■ Stored data ■
____________________

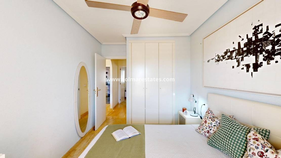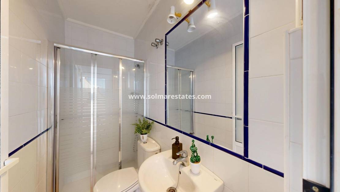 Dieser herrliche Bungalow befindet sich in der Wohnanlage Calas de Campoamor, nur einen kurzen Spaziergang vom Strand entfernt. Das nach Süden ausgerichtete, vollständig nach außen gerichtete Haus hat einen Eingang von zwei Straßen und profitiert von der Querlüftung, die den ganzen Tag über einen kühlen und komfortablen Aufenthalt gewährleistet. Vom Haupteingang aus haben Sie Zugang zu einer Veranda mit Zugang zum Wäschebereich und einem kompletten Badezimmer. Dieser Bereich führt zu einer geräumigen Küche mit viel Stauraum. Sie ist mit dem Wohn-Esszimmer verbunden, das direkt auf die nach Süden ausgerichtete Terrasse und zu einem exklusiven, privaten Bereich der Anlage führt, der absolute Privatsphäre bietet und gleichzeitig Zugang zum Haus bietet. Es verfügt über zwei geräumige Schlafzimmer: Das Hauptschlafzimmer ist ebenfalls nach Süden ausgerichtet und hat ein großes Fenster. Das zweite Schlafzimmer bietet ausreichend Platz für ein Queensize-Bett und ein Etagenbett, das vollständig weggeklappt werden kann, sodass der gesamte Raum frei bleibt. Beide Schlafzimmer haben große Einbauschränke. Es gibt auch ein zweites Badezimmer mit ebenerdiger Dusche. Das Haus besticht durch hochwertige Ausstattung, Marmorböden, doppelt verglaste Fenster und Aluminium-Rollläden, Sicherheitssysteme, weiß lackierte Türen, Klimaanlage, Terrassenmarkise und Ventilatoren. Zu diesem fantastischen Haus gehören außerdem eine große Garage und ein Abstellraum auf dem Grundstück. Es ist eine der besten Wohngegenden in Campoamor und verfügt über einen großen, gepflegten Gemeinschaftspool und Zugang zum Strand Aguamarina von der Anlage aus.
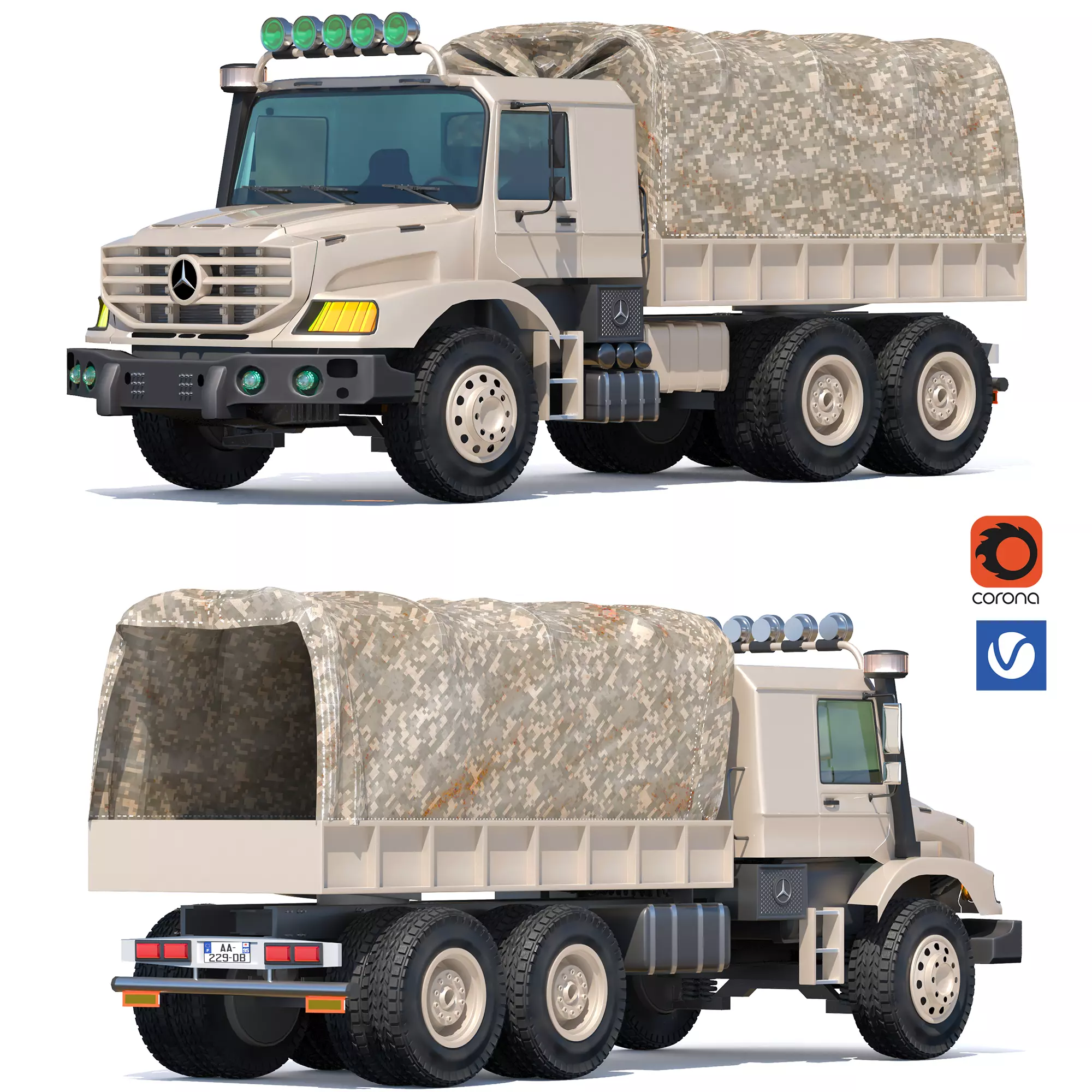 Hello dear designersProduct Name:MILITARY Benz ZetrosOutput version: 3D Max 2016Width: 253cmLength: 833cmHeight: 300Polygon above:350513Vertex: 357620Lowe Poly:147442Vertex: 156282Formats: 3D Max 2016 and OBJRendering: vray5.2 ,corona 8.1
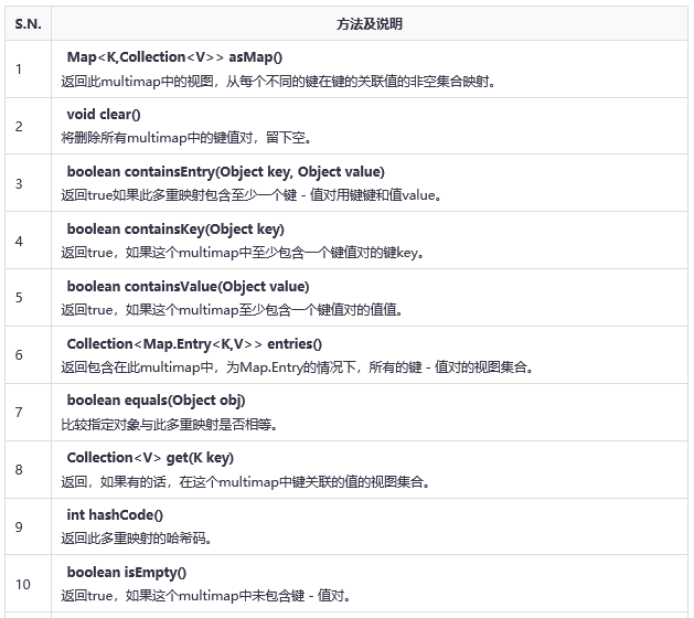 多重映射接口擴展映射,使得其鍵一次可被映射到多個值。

____________________

■ How to complete this task ■
Copy the material shown above in full and exactly. Skip the pictures.

■ Expected answer ■
 Dieser herrliche Bungalow befindet sich in der Wohnanlage Calas de Campoamor, nur einen kurzen Spaziergang vom Strand entfernt. Das nach Süden ausgerichtete, vollständig nach außen gerichtete Haus hat einen Eingang von zwei Straßen und profitiert von der Querlüftung, die den ganzen Tag über einen kühlen und komfortablen Aufenthalt gewährleistet. Vom Haupteingang aus haben Sie Zugang zu einer Veranda mit Zugang zum Wäschebereich und einem kompletten Badezimmer. Dieser Bereich führt zu einer geräumigen Küche mit viel Stauraum. Sie ist mit dem Wohn-Esszimmer verbunden, das direkt auf die nach Süden ausgerichtete Terrasse und zu einem exklusiven, privaten Bereich der Anlage führt, der absolute Privatsphäre bietet und gleichzeitig Zugang zum Haus bietet. Es verfügt über zwei geräumige Schlafzimmer: Das Hauptschlafzimmer ist ebenfalls nach Süden ausgerichtet und hat ein großes Fenster. Das zweite Schlafzimmer bietet ausreichend Platz für ein Queensize-Bett und ein Etagenbett, das vollständig weggeklappt werden kann, sodass der gesamte Raum frei bleibt. Beide Schlafzimmer haben große Einbauschränke. Es gibt auch ein zweites Badezimmer mit ebenerdiger Dusche. Das Haus besticht durch hochwertige Ausstattung, Marmorböden, doppelt verglaste Fenster und Aluminium-Rollläden, Sicherheitssysteme, weiß lackierte Türen, Klimaanlage, Terrassenmarkise und Ventilatoren. Zu diesem fantastischen Haus gehören außerdem eine große Garage und ein Abstellraum auf dem Grundstück. Es ist eine der besten Wohngegenden in Campoamor und verfügt über einen großen, gepflegten Gemeinschaftspool und Zugang zum Strand Aguamarina von der Anlage aus.
 Hello dear designersProduct Name:MILITARY Benz ZetrosOutput version: 3D Max 2016Width: 253cmLength: 833cmHeight: 300Polygon above:350513Vertex: 357620Lowe Poly:147442Vertex: 156282Formats: 3D Max 2016 and OBJRendering: vray5.2 ,corona 8.1
 多重映射接口擴展映射,使得其鍵一次可被映射到多個值。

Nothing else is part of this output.